| Aim of the exercise |
Write out, word for word and with no pictures, each line below from the one containing "Iran Sends Formal" through the one containing "Womens Barefoot Snow", both included, and no other line.

| Extracted entries |
──────────
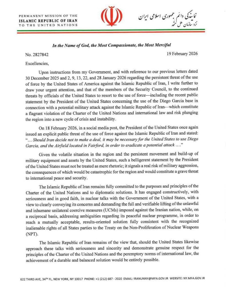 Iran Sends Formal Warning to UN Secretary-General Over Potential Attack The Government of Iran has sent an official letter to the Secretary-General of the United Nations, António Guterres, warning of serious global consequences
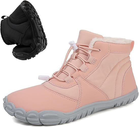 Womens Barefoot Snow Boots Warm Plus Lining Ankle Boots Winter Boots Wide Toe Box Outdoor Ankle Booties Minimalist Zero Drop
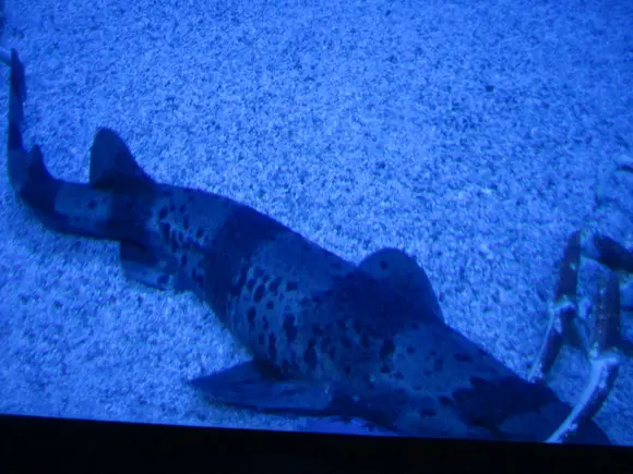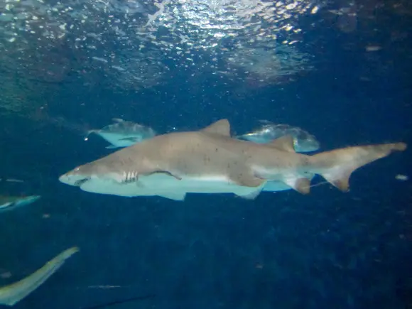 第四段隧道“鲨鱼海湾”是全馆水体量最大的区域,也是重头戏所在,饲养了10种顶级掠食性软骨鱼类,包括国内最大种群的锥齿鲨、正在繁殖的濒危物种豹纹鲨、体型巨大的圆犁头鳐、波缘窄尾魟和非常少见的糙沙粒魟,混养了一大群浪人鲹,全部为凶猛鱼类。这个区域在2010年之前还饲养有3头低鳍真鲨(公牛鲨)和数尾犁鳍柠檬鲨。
──────────
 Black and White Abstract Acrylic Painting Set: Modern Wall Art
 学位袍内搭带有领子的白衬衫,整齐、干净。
──────────
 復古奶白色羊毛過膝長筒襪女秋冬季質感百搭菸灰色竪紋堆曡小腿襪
──────────
| Answer below |
 Iran Sends Formal Warning to UN Secretary-General Over Potential Attack The Government of Iran has sent an official letter to the Secretary-General of the United Nations, António Guterres, warning of serious global consequences
 Womens Barefoot Snow Boots Warm Plus Lining Ankle Boots Winter Boots Wide Toe Box Outdoor Ankle Booties Minimalist Zero Drop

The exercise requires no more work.